There is a key differentiation here: unlike words, all blocks are of a uniform size, determined when the volume is first formatted, and can never be changed later. If the data is too small, zeros fill out the rest of the block. If too big, the data is broken up into multiple blocks. It would be as if the English language only allowed four-letter words. Anything longer would have to be broken up into multiple words, and anything shorter would just have a bunch of As after it.
These blocks are then combined to create files. A file is like a sentence (or chapter depending on its size). Multiple words going together to create a single cohesive idea that conveys a point. But how do we find one of these cohesive ideas without reading through the entire book? We have an index. This index is like the master file table in NTFS. It’s a table that stores where every file exists on the drive. If you lose the index, you can still get to the stuff in the book but you have to scan the whole book to find what you want. It’s much the same with the file allocation table. If you lose it, the data is technically still there, but finding it requires scanning the whole drive to figure out what’s there.
These indices store a very small amount of data about the files, traditionally only 512 bytes. Thinking of that in terms of the book analogy, it wouldn’t matter how many times an idea was referenced in a book, the index would only be able to store a few (let’s say five) references to the idea. As storage has gotten larger and larger (longer and longer books), these 512-byte references started to become prohibitive. All the necessary references to a thought couldn’t be stored in that 512 bytes, so manufacturers have gone to 4K (4096 byte) file records in the MFT so that much more metadata can be stored about that file. Of course, that also means our index is now using much more of the book in order to be more precise.

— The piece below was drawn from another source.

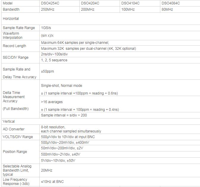 Băng thông 80-250 MHz, phạm vi tối thiểu 500μV / div , tốc độ mẫu 1GS / s.
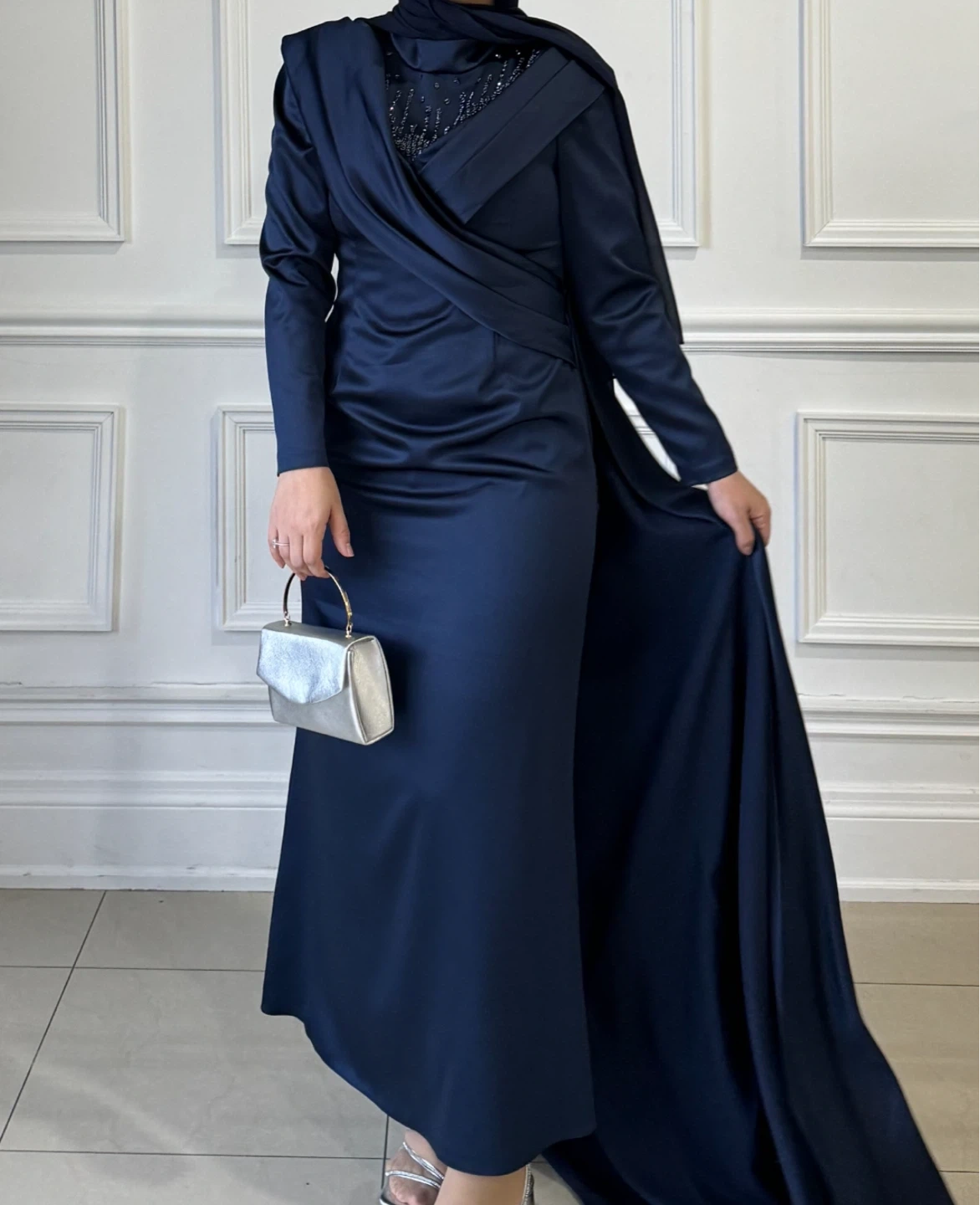 Beautiful navy blue formal dress! Perfect for special occasions. The dress features long sleeves and an elegant design. It's in great condition and ready for a new home

So why does any of this matter recently? Why should you care? A few simple reasons, files are getting HUGE. It’s becoming difficult for our old 512-byte MFT records to store all the pointers to the different blocks that make up the files; especially when the files start getting fragmented or deduped. These new 4K file records allow for eight times as much data to be stored about these files in the MFT, helping to prevent the need to daisy chain multiple records to each other in order simply gather all the blocks of a file. If you’ve worked with Veeam and Windows dedupe, you’ve probably seen that they recommend every volume be formatted with the /L switch, which that turns on large file records. This is so that as the big backup files get deduped, the single record has more room to keep track of all the blocks without having to chain to other records.
Another important thing to keep in mind with these mega files is your block size. Remember this is the size allocated for ANY new data write. In Windows it ranges from 4k to 64K. When does it matter? If you’re writing a reasonably large file (say 100gb) in 4k blocks, that’s 26 million blocks that make up that file. Twenty-six million blocks just to keep up with for that one file. If it’s written it in 64k blocks, though, it’s now only 1.6 million blocks to keep up with for that one file. This will make a massive difference for our index, a lot fewer blocks to potentially fragment, and fewer records to track when we dedupe.
“So let’s always do 4k file records and 64K block size, that way we’ll have fewer of these issues!”… of course, it’s not that simple. Think now in terms of lots of small files — for argument’s sake let’s use 10 million — ranging in size from 40K to 1MB. Those files, being so small, probably won’t be exceedingly fragmented or deduped due to their small size. If I have to allocate 4K for my indexes to all 10 million files, I’ve now used at least 38 gigabytes JUST for all of my file records. However, if I stick with the old 512 byte, it’s around an eighth of that size. Not a big loss in modern storage, but think of it more in terms of overhead: eight times as much MFT storage for the same data.
Now think of our block sizes; 64K blocks in this example. If my file is 40K, I waste 24K of storage because I have to write in 64K chunks even though it’s less than that minimum metric. If my data is 65K I now waste 63K of storage because it’s too big to fit in one block so I have to use two. Multiply that by 10,000,000 miles, and it adds up into appreciable storage.
So what’s the answer? It depends. During configuration, pay attention to your workload and what you plan to do with the storage. This is EXTREMELY important. This is (quite literally) the foundation for your entire storage. If you get it wrong and then move 17TB of data onto it, you’re stuck with it unless you have somewhere to move all that data off to, reformat and start over. Proper planning is key.